Zhang Yan, Li Lixiang, Guo Chuanguo, Mu Dan, Feng Bingcheng, Zuo Xiuli, Li Yanqing
Department of Gastroenterology, Laboratory of Translational Gastroenterology, Qilu Hospital, Shandong University, 107 Wenhuaxi Road, Jinan, 250012, Shandong Province, China.
BMC Gastroenterol. 2016 Jun 13;16(1):62. doi: 10.1186/s12876-016-0470-z.
Irritable bowel syndrome (IBS) is one of the most common functional gastroenterological diseases, affecting 11.2 % of people worldwide. Previous studies have shown that probiotic treatment may benefit IBS patients. However, the effect of probiotics and the appropriate type, dose, and treatment duration for IBS are still unclear. The aim of the current study was to assess the efficacy of different probiotic types, doses and treatment durations in IBS patients diagnosed by Rome III criteria via a meta-analysis of randomized controlled trials (RCTs).

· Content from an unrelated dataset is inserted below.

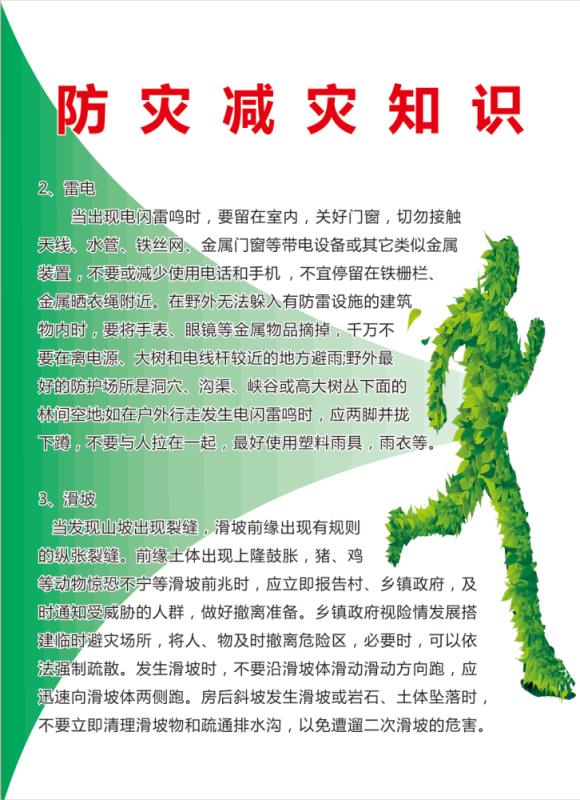 當發(fā)現(xiàn)山坡出現(xiàn)裂縫,滑坡前緣出現(xiàn)有規(guī)則的縱張裂縫。前緣土體出現(xiàn)上隆鼓脹,豬、雞等動物驚恐不寧等滑坡前兆時,應立即報告村、鄉(xiāng)鎮(zhèn)政府,及時通知受威脅的人群,做好撤離準備。鄉(xiāng)鎮(zhèn)政府視險情發(fā)展搭建臨時避災場所,將人、物及時撤離危險區(qū),必要時,可以依法強制疏散。發(fā)生滑坡時,不要沿滑坡體滑動滑動方向跑,應迅速向滑坡體兩側(cè)跑。房后斜坡發(fā)生滑坡或巖石、土體墜落時,不要立即清理滑坡物和疏通排水溝,以免遭遛二次滑坡的危害。

Medline, EMBASE, and the Cochrane Central Register of Controlled Trials up to October 2015 were searched. RCTs including comparisons between the effects of probiotics and placebo on IBS patients diagnosed by Rome III criteria were eligible. Dichotomous data were pooled to obtain the relative risk (RR) with a 95 % confidence interval (CI), whereas continuous data were pooled using a standardized mean difference (SMD) with a 95 % CI.

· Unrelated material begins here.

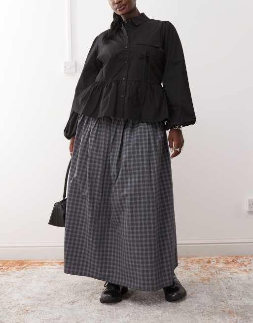 COLLUSION – Plusstorlek – Grårutig maxikjol med sänkt midja

Twenty-one RCTs were included in this meta-analysis. Probiotic therapy was associated with more improvement than placebo administration in overall symptom response (RR: 1.82, 95 % CI 1.27 to 2.60) and quality of life (QoL) (SMD: 0.29, 95 % CI 0.08 to 0.50), but not in individual IBS symptoms. Single probiotics, a low dose, and a short treatment duration were more effective with respect to overall symptom response and QoL. No differences were detected in individual IBS symptoms in the subgroup analyses.
Probiotics are an effective pharmacological therapy in IBS patients. Single probiotics at a low dose and with a short treatment duration appear to be more effective in improving overall symptom response and QoL, but more evidence for these effects is still needed.
肠易激综合征(IBS)是最常见的功能性胃肠疾病之一,全球患病率为11.2%。既往研究表明,益生菌治疗可能使IBS患者获益。然而,益生菌的疗效以及IBS适用的益生菌类型、剂量和疗程仍不明确。本研究旨在通过对随机对照试验(RCT)进行荟萃分析,评估不同类型、剂量和疗程的益生菌对符合罗马III标准的IBS患者的疗效。
检索截至2015年10月的Medline、EMBASE和Cochrane对照试验中心注册库。纳入比较益生菌与安慰剂对符合罗马III标准的IBS患者疗效的RCT。汇总二分数据以获得相对危险度(RR)及95%置信区间(CI),汇总连续数据则采用标准化均数差(SMD)及95%CI。
本荟萃分析纳入21项RCT。在总体症状缓解(RR:1.82,95%CI 1.27至2.60)和生活质量(QoL)(SMD:0.29,95%CI 0.08至0.50)方面,益生菌治疗比安慰剂更有效,但在单个IBS症状方面并非如此。单一益生菌、低剂量和短疗程在总体症状缓解和QoL方面更有效。亚组分析中未发现单个IBS症状有差异。
益生菌是IBS患者有效的药物治疗方法。低剂量、短疗程的单一益生菌似乎在改善总体症状缓解和QoL方面更有效,但仍需更多证据支持这些效果。